Great Plains Studies, Center for

 

Date of this Version

Winter 1983

Citation

Great Plains Quarterly Vol. 3, No. 1, Winter 1983, pp. 55-56.

Comments

Copyright 1983 by the Center for Great Plains Studies, University of Nebraska-Lincoln

Abstract

The title of this book is misleading. If the work carries one persistent message, it is that the cities of the American West were not planned at all. Conceived as speculations in land, yes; almost always designed in the form of a repetitive gridiron, yes; but planned in any twentieth-century sense of the word, definitely not. Only the southwestern Spanish towns and the Mormon towns of Deseret come close to being examples of "urban planning." City planning, after all, only came along early in the twentieth century, and Reps clearly illustrates that few towns were established after 1890. The term planning, as Reps uses it, can perhaps best be defined as "the determination of the initial physical layout of a town." Urban design would have been a better word choice.

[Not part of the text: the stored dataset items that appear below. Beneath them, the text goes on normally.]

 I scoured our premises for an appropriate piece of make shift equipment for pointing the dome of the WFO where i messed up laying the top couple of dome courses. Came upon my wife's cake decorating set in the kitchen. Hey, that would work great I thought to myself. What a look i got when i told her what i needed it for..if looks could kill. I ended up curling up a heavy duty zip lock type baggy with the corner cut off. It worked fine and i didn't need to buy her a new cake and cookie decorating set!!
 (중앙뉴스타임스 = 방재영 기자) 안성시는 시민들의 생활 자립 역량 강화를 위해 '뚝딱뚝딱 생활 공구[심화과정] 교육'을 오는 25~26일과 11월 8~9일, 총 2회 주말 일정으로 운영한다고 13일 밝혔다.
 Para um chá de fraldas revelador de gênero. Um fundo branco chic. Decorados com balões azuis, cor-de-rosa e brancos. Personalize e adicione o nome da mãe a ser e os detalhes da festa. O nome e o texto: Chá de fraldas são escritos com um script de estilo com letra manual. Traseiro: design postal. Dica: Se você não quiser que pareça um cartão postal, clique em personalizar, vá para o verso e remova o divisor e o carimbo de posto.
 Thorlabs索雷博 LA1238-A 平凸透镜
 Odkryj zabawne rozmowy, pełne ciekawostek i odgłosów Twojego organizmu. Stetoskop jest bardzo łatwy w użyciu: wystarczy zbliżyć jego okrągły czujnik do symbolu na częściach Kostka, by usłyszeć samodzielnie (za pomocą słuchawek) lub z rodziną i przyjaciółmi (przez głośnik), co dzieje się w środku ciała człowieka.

Though Reps notes that this volume is "an elaboration of an unpublished 1977 conference paper," its parentage is clearly his major 1969 work, Cities of the American West: A History of Frontier Urban Planning (Princeton University Press, 795 pp. + index). It is from this work that Reps draws both reproductions and text, a fact he does not attempt to hide, as he often cites the 1969 work. The value of this newer volume therefore lies in its streamlined format. Compared to the encyclopedic, comprehensive parent volume, it is a highly readable book, with much of its space devoted to map reproductions of good quality.

Reps points out, as other scholars do, that cities and towns were the stepping-stones of civilization on the frontier, and that "new towns preceded or occurred simultaneously with the opening of lands for farming and ranching" (p. 1). The book examines a series of "detached frontiers"-the Southwest, Texas, the Pacific Northwest, the mining frontier, the plains, railroad towns, towns of Zion, and the Oklahoma frontier.

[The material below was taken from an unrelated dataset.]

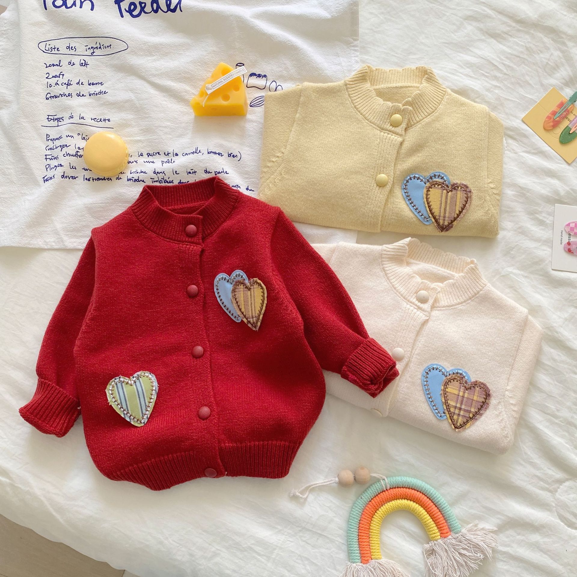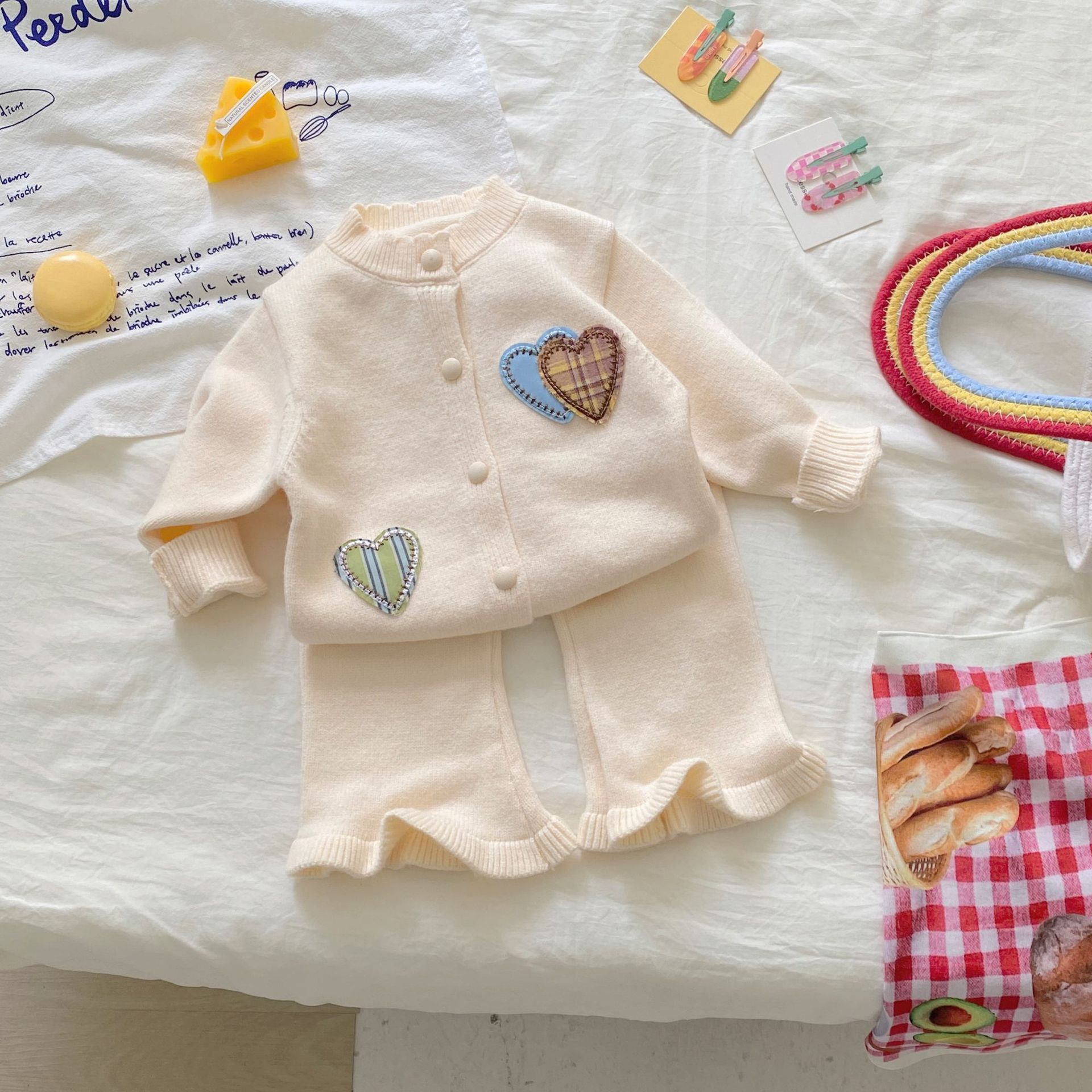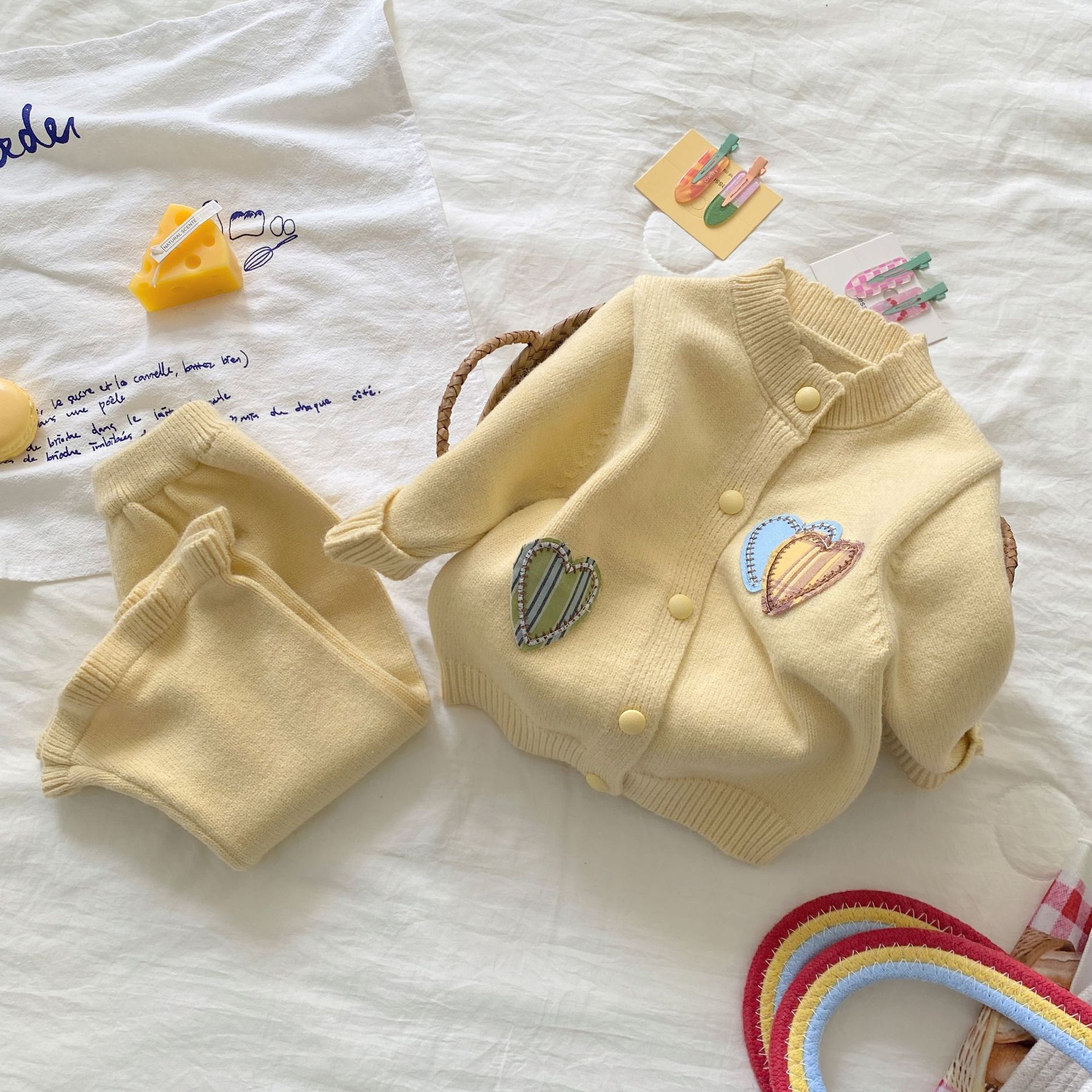 여자 정장 가을, 겨울 2025 새로운 스웨터 투피스 세트 아기 소녀 사랑 카디건 바지 니트 옷

In any book, there are interpretations with which others will take issue. Here, for instance, Reps writes that "the desire for some kind of urban order, however primitive, was deeply instilled in the minds of those who flocked" to mining sites (p. 59). Yet the text makes it abundantly clear elsewhere that it was in fact the operation of the rent gradient and speculation in land, rather than some primordial psychological urge for order, that created the pattern of the towns. There are -few such unsupported statements, for the text is more encyclopedic than interpretative in nature. This quality is, indeed, the principal failure of the volume, for one is better drawn to the 1969 book for details; a bit more interpretation would have been useful. But the slighter volume makes a good supplemental reader in an urban history course. For this it can be highly recommended, and Reps merits praise for his efforts in making us aware of the initial physical layout of the American city.